▶ _THE PROBLEM_: Give again, word for word, the lines below that run from the line with "该老爸茶店正在食物加工过程中" through the line with "Fully jointed, mohair, glass". Drop the pictures.

▶ _RECORDS SUPPLIED_:

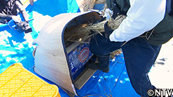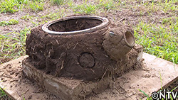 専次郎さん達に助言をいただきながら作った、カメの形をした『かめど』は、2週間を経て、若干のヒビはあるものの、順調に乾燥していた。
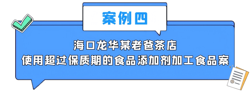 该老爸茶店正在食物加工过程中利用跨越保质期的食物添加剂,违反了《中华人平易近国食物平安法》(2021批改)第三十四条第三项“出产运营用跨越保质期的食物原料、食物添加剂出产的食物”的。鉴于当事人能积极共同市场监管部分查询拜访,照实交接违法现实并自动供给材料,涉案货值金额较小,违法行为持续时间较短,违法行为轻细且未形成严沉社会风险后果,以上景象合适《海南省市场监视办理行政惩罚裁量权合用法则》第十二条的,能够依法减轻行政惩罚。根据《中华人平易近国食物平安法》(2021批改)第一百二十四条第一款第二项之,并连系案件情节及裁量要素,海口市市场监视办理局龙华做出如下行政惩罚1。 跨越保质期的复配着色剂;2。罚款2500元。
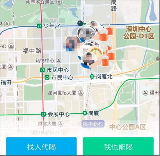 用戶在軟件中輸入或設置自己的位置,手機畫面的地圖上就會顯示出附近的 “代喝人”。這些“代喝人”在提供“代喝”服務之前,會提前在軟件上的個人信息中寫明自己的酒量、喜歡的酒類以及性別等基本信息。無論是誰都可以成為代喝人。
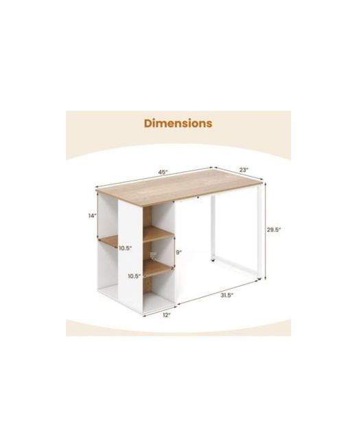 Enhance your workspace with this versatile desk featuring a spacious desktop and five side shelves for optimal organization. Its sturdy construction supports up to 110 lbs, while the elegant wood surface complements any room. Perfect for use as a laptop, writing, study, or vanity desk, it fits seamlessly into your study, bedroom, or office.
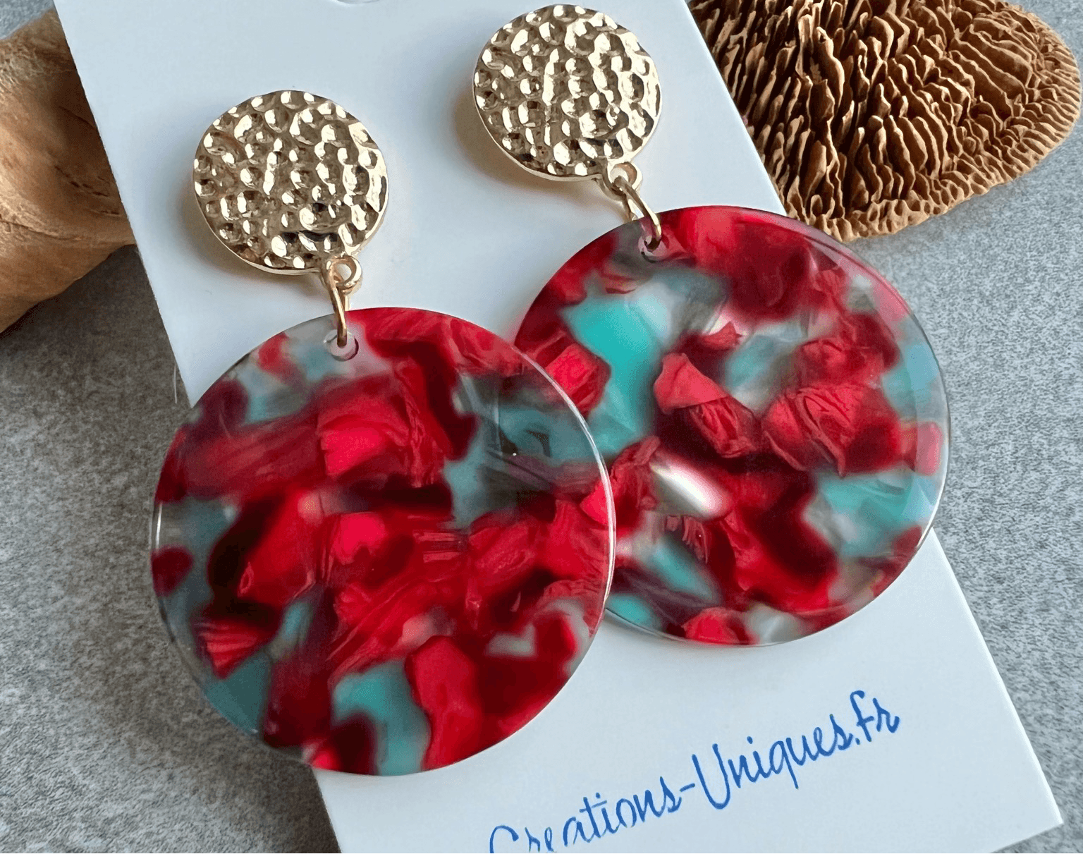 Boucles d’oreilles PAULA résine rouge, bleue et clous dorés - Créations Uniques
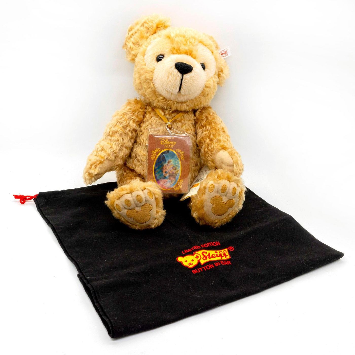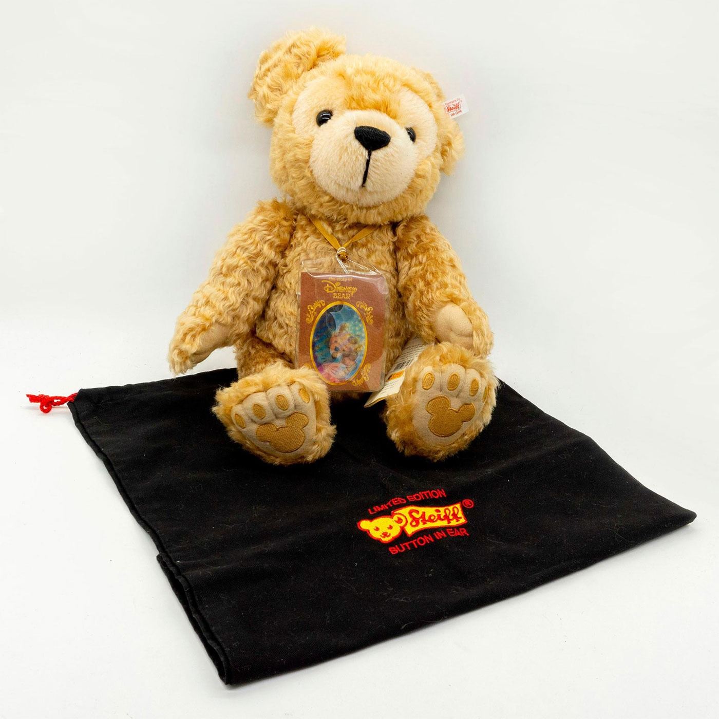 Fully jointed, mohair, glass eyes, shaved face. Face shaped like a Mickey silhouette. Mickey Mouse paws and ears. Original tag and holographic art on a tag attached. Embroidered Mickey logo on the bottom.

==

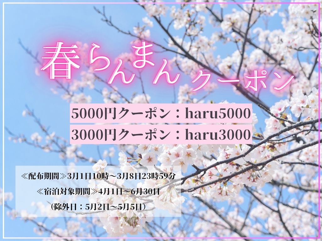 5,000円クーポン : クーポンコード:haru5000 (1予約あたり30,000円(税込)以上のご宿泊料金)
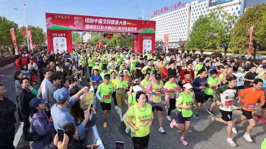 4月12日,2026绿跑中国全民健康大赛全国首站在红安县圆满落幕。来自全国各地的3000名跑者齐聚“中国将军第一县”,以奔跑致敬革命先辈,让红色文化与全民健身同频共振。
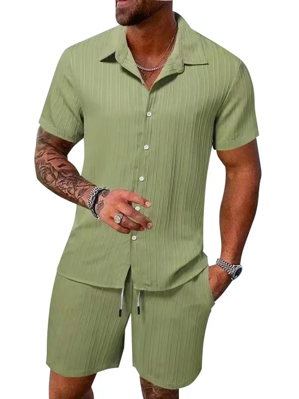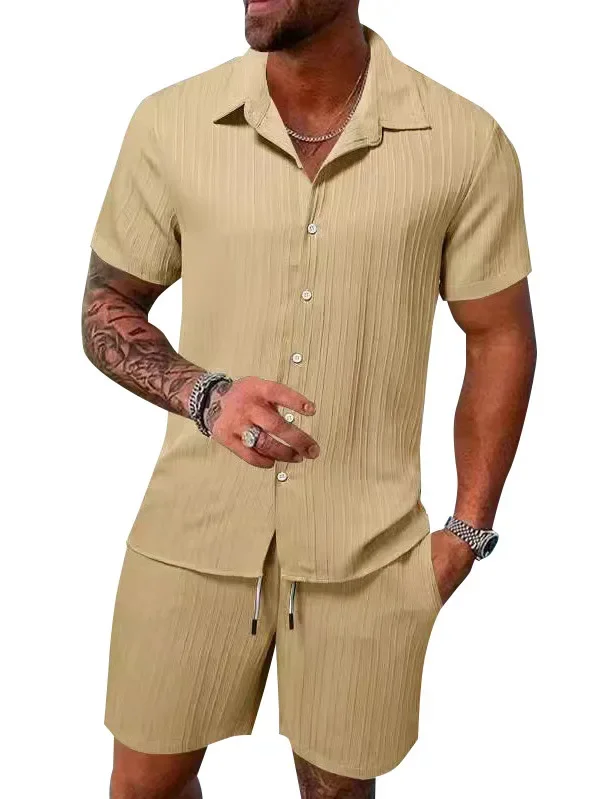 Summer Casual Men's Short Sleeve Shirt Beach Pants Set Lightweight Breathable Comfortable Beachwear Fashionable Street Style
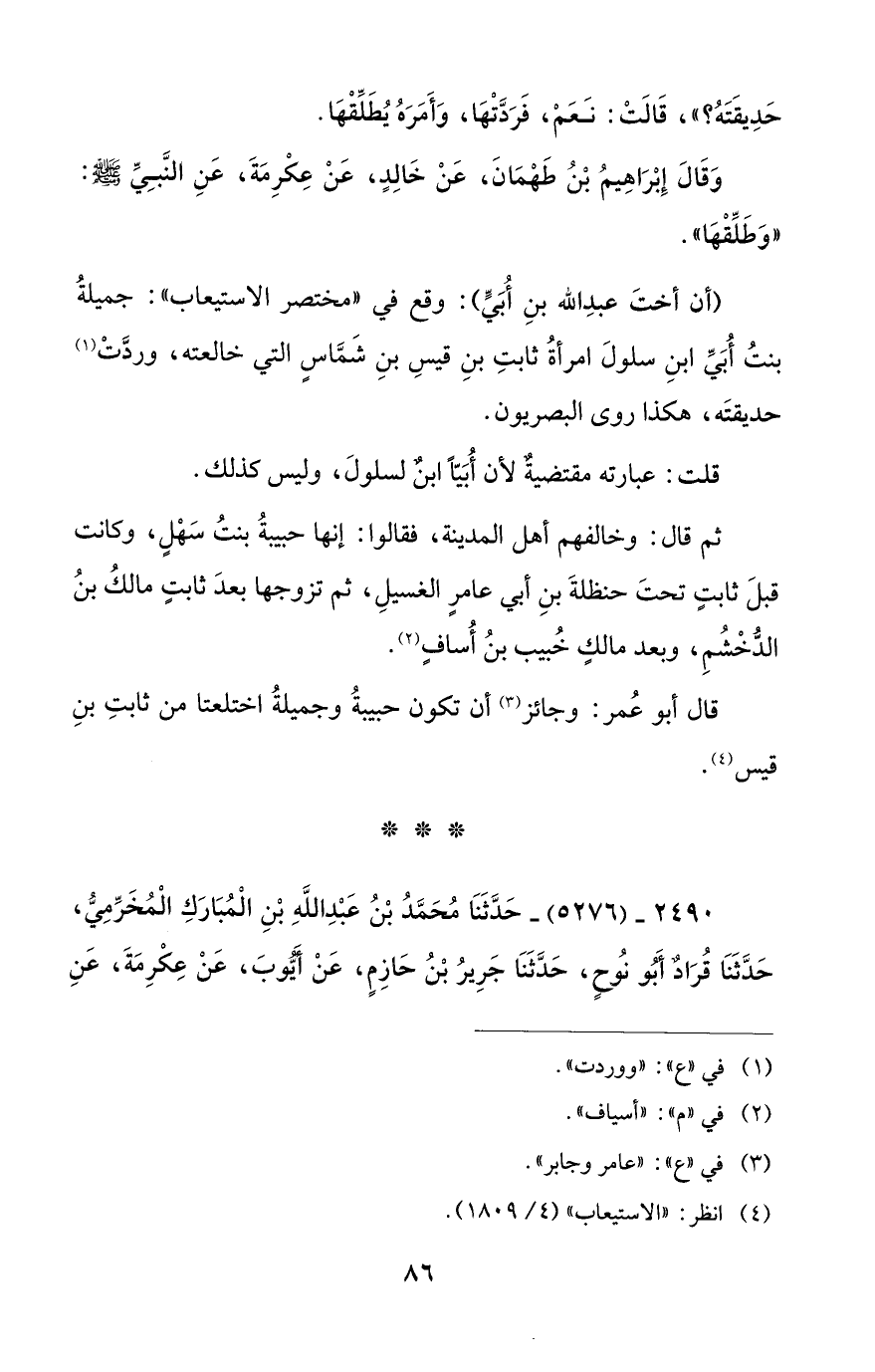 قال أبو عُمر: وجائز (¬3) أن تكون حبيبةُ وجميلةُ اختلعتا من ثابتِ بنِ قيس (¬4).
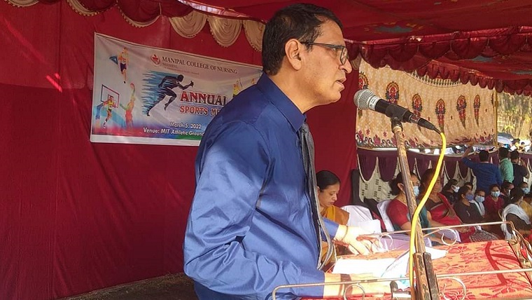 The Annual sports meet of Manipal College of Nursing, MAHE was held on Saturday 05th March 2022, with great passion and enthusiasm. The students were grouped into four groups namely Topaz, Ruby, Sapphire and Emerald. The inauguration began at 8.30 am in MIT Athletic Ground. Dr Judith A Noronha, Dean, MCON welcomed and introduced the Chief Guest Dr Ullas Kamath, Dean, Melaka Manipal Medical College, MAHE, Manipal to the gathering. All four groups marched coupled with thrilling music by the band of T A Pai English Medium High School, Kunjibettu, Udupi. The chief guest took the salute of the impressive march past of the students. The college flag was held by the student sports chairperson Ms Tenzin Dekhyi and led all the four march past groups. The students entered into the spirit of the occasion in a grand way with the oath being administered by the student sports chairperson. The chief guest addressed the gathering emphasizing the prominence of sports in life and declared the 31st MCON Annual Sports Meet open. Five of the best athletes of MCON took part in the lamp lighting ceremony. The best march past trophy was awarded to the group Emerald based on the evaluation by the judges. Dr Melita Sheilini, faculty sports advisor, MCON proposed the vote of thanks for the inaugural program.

▶ _EXERCISE OUTPUT_:
 该老爸茶店正在食物加工过程中利用跨越保质期的食物添加剂,违反了《中华人平易近国食物平安法》(2021批改)第三十四条第三项“出产运营用跨越保质期的食物原料、食物添加剂出产的食物”的。鉴于当事人能积极共同市场监管部分查询拜访,照实交接违法现实并自动供给材料,涉案货值金额较小,违法行为持续时间较短,违法行为轻细且未形成严沉社会风险后果,以上景象合适《海南省市场监视办理行政惩罚裁量权合用法则》第十二条的,能够依法减轻行政惩罚。根据《中华人平易近国食物平安法》(2021批改)第一百二十四条第一款第二项之,并连系案件情节及裁量要素,海口市市场监视办理局龙华做出如下行政惩罚1。 跨越保质期的复配着色剂;2。罚款2500元。
 用戶在軟件中輸入或設置自己的位置,手機畫面的地圖上就會顯示出附近的 “代喝人”。這些“代喝人”在提供“代喝”服務之前,會提前在軟件上的個人信息中寫明自己的酒量、喜歡的酒類以及性別等基本信息。無論是誰都可以成為代喝人。
 Enhance your workspace with this versatile desk featuring a spacious desktop and five side shelves for optimal organization. Its sturdy construction supports up to 110 lbs, while the elegant wood surface complements any room. Perfect for use as a laptop, writing, study, or vanity desk, it fits seamlessly into your study, bedroom, or office.
 Boucles d’oreilles PAULA résine rouge, bleue et clous dorés - Créations Uniques
 Fully jointed, mohair, glass eyes, shaved face. Face shaped like a Mickey silhouette. Mickey Mouse paws and ears. Original tag and holographic art on a tag attached. Embroidered Mickey logo on the bottom.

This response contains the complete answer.